WORK ORDER:
When you reach the line that contains "Glass pitcher yellow", begin copying exactly, and continue through the last line of the data; no pictures belong in the copy.

EXCERPTED RECORDS:
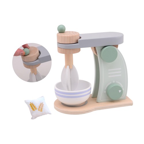 Ten pastelowy mikser kuchenny z miską jest idealny dla dzieci, aby rozpocząć przygodę z gotowaniem, pieczeniem i ze wspaniałym światem urządzeń kuchennych. Coraz więcej i bardzo różnych urządzeń znajduje się w kuchni i dlatego świat fantazji dziecięcej musi być na bieżąco. Piękny i nowoczesny wygląd miksera pomaga wyobraźni, a zabawka pozwala dziecku wykonywać dokładnie te same czynności, co rodzice. Pokrętła do trzepaczki i włącznik miksera sprawiają, że zabawka wygląda jak prawdziwe uprzędzenie kuchenne i zapewniają wiele opcji kreatywnej zabawy. W komplecie drewniana misa i miękka torba z mąką. Długa zabawa jest gwarantowana i piękny element do drewnianej kuchni tej marki - a w ofercie do skompletowania także blender, toster i eksres do kawy!
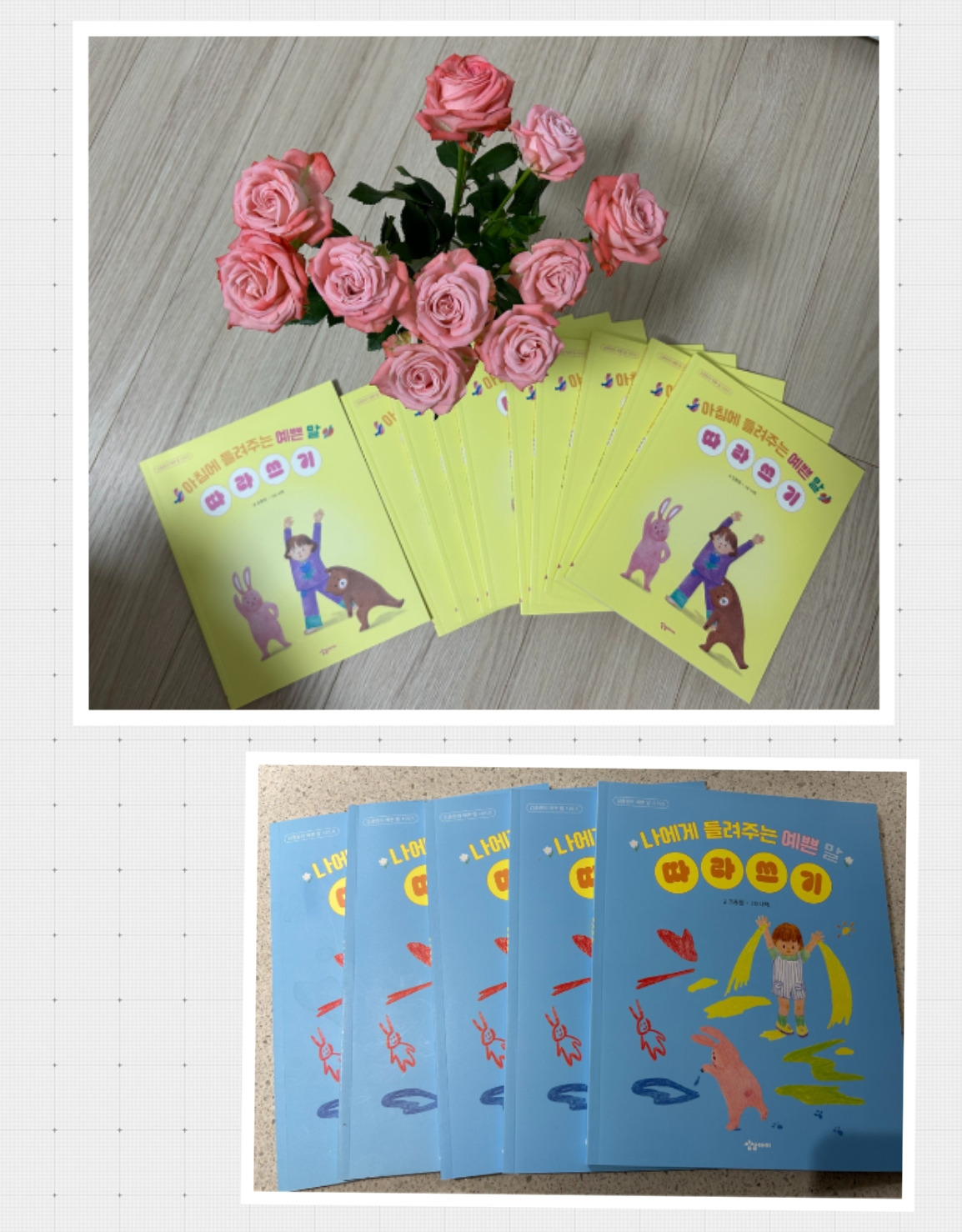 집안에 어린이가 딱 2명 있는데 사랑하는 조카 손녀가다니는 어린이집 반이 6~7세로 이루어진 통합반이다.지난해보다 어린이집 선생님과 학생 수가 줄었다는 건해마다 다른 출산 비율의 영향을 느낄 수 있는 대목이기도 해서 아이의 연령이 다른데 잘 적응할까 라는 질문에 답하듯 언니 오빠 또래와의 집단 생활에 잘 적응하고 즐거워 하는 걸 보며 김종원 작가님 저서 예쁜 말시리즈 그림책 동화 부록인 나에게 들려주는 예쁜 말 과 아침에 들려주는 예쁜 말 따라 쓰기 책으로 사랑하는 조카 손녀와 6, 7세 친구들에게 꼭 필요한 선물이 되면 좋겠다.
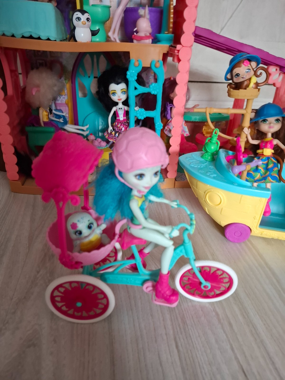 Domček Enchantimals + loď + hojdačka+ bicykel
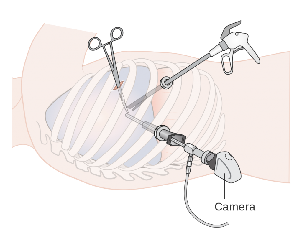 Thoracoscopy is a procedure where a scope is passed through the chest wall to look inside the chest for any mass lesions or fluid. It is done for diagnostic and therapeutic purposes. It is a medical procedure involving internal examination, biopsy, and/or resection of disease or masses within the pleural cavity and thoracic cavity. Thoracoscopy may be performed either under general anesthesia or under sedation with a local anesthetic.
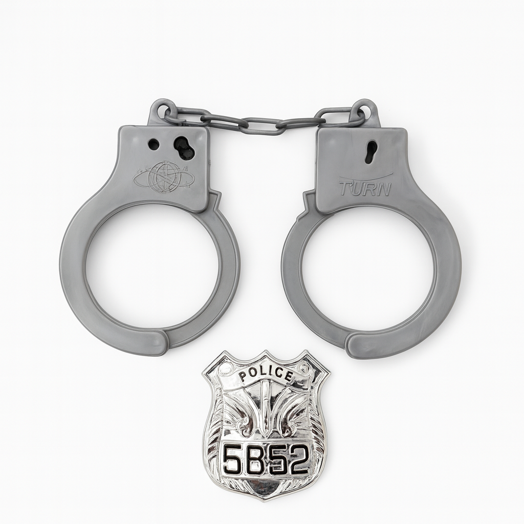 Acest set de catuse jucarie cu insigna este accesoriul perfect pentru micii pasionati de jocuri de rol cu politie si detectivi. Catusele sunt realizate din plastic rezistent, usor si sigur pentru copii, avand un design modern in nuante de gri. Insigna metalizata completa setul, oferind un aspect autentic si captivant.
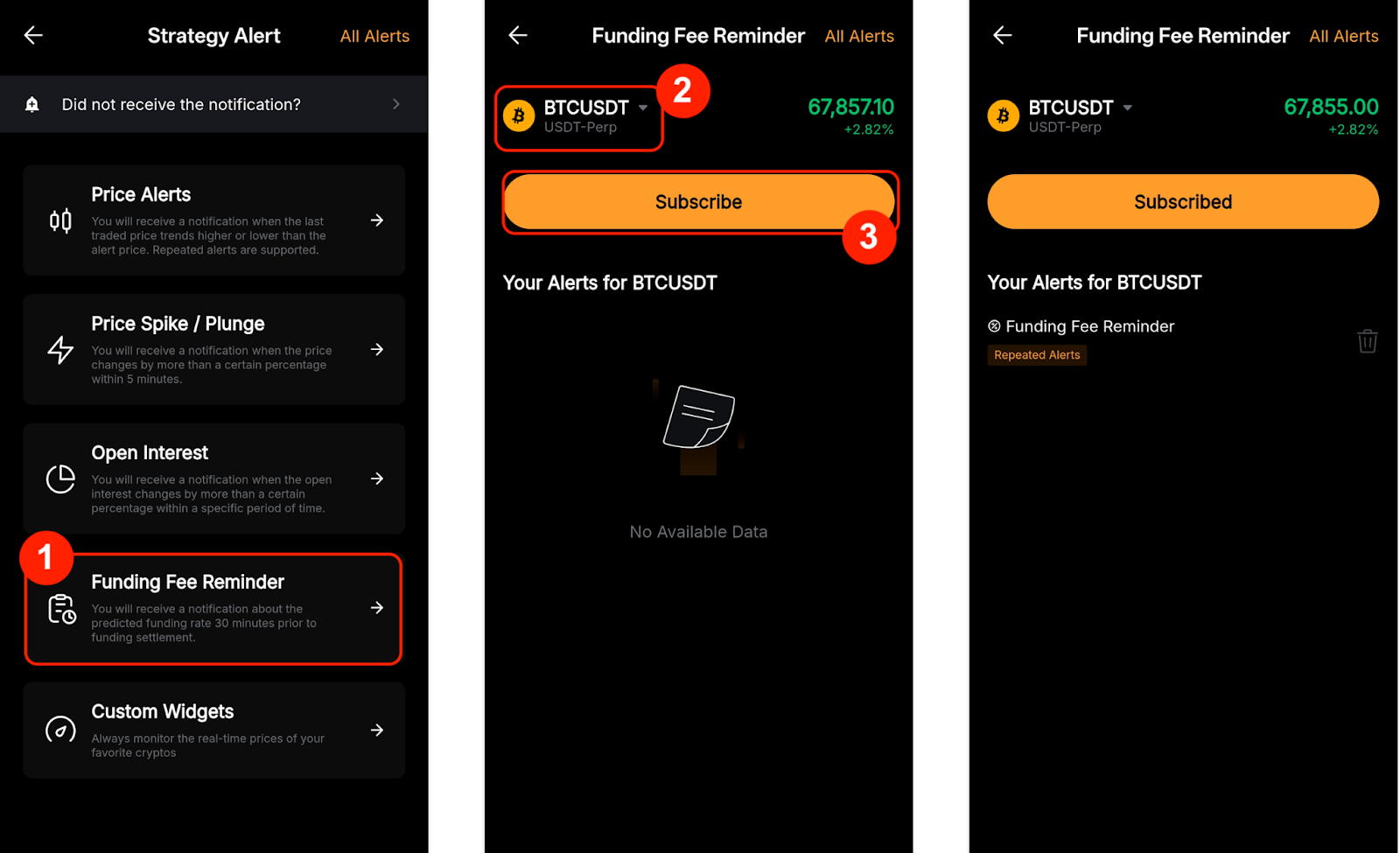 Langkah 2: Di halaman Peringatan Strategi, pilih Pengingat Biaya Pendanaan. Pilih pasangan trading yang ingin Anda langgani, lalu ketuk Berlangganan untuk menyelesaikan pengaturan.
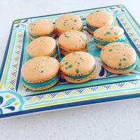 This was my first attempt at macarons and I love them! I made these ones blue and orange for the Florida Gators with some blue “splatter paint” (food coloring) on top!
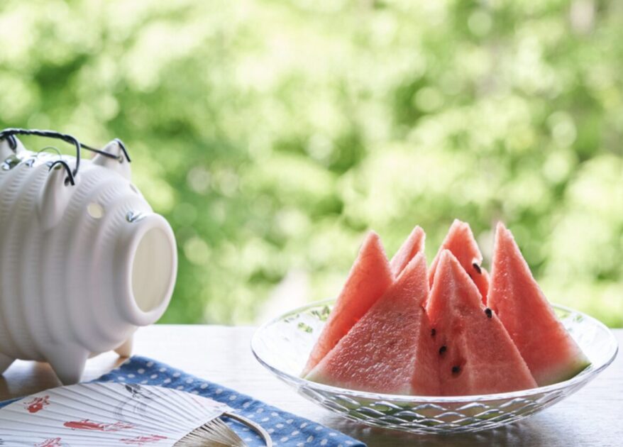 スイカはカロ◯ーが低く、全体の90%以上が水分でできています。含まれている栄養素は、抗酸化作用や美肌効果があり、コラーゲンの生成を助けるビタミンCや、むくみ予防に役立つカリウム、皮膚を健康に保ち、免疫機能を正常にするビタミンAやベータカロテン、リコピンなどです。
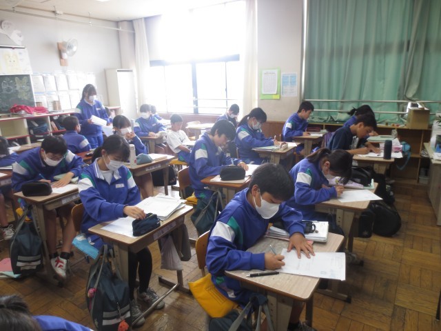 14数学では、振り返りを行っていました。自分の学びに向かう姿勢を振り返りながら、これまでの学習の理解度や取り組み方について考えていました。一人一人が落ち着いた雰囲気の中で、自分の学習を見つめ直す時間となっています。
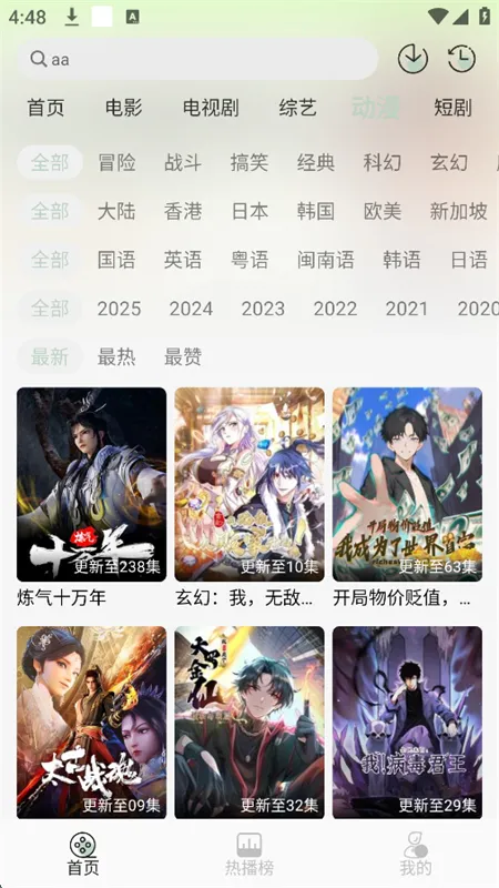 4、搜索便利:能按地区、语言、年份、热度、题材等快速筛选,也可用关键字、剧名快速搜索最新剧集。
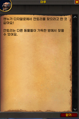 다자알로의 여관 주인들에게 물어 다른 동물들이 가득한 방을 찾고 그곳에서 깐토리를 찾으면 될 거 같아요.
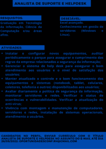 Mais informações sobre a vaga, somente por e-mail com os contratantes. Boa sorte !!!🍀
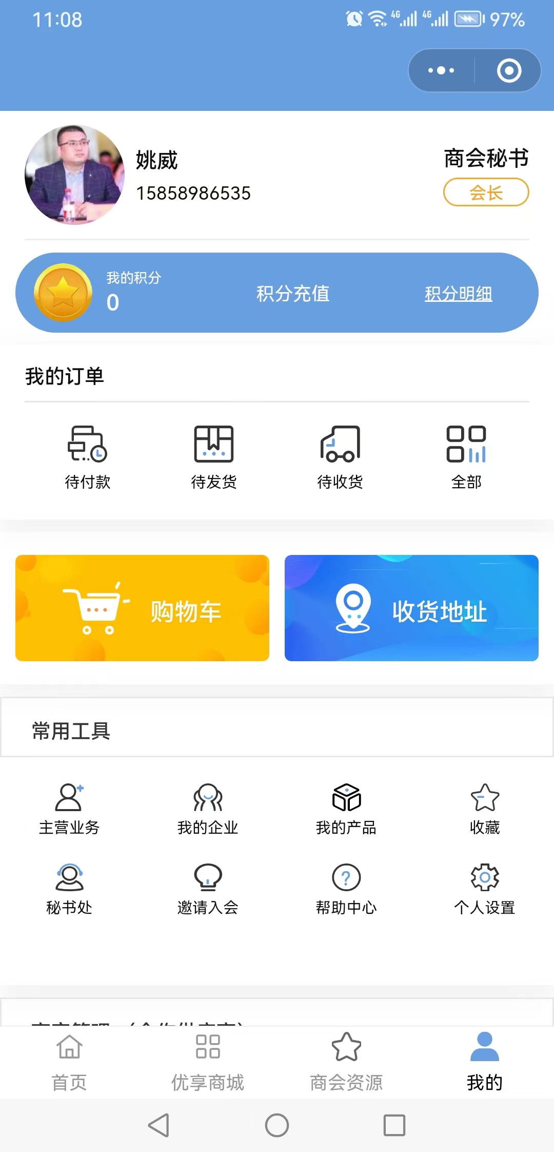 商會(huì)會(huì)員進(jìn)入個(gè)人中心可以查看自己的積分、訂單,還可以設(shè)置自己的搜索關(guān)鍵詞,方便其他會(huì)員查找,擁有更多的商業(yè)機(jī)會(huì)。
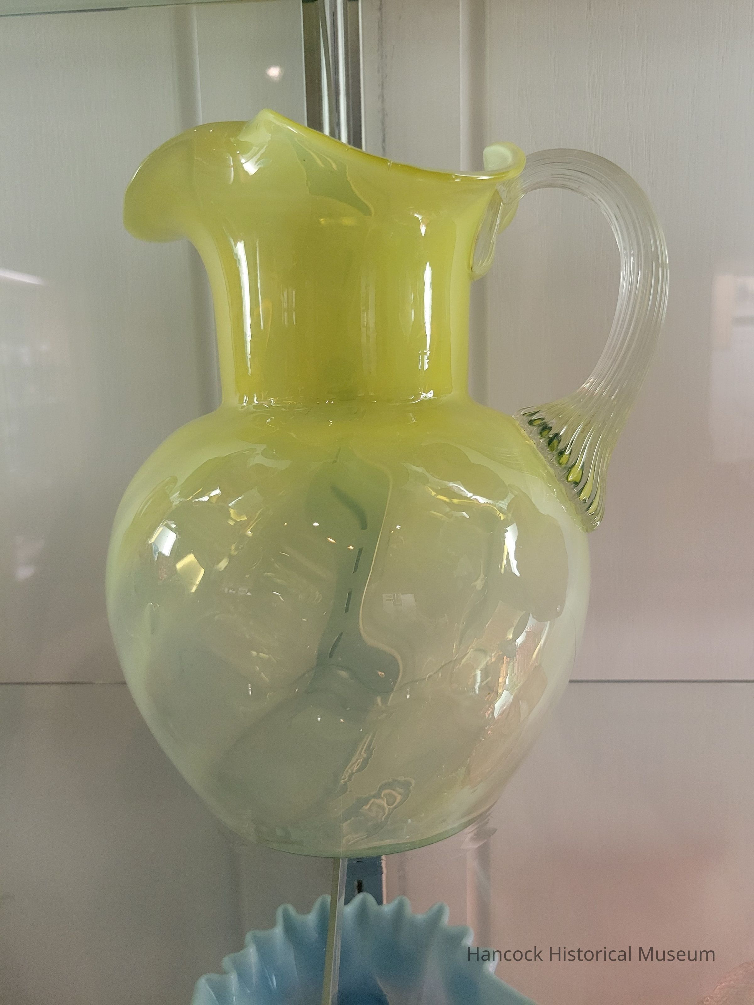 Glass pitcher yellow green opalescent, applied handle.
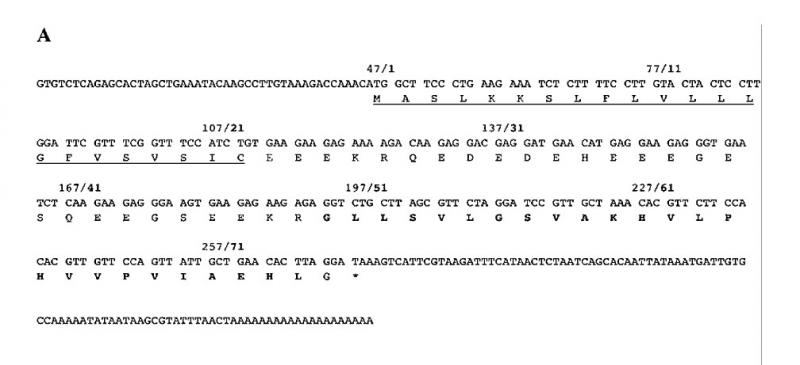 最近写论文,要用Vector NTI 11.5.1,但说明书是英文的,时间短,看不完呀,我是想做一个图,上面是cDNA序列,下面对应的是翻译的蛋白序列,哪位同学知道呢?急用呀 感激不尽! ![]() cDNA序列及蛋白图 |

WRITTEN REPLY:
 Glass pitcher yellow green opalescent, applied handle.
 最近写论文,要用Vector NTI 11.5.1,但说明书是英文的,时间短,看不完呀,我是想做一个图,上面是cDNA序列,下面对应的是翻译的蛋白序列,哪位同学知道呢?急用呀 感激不尽! ![]() cDNA序列及蛋白图 |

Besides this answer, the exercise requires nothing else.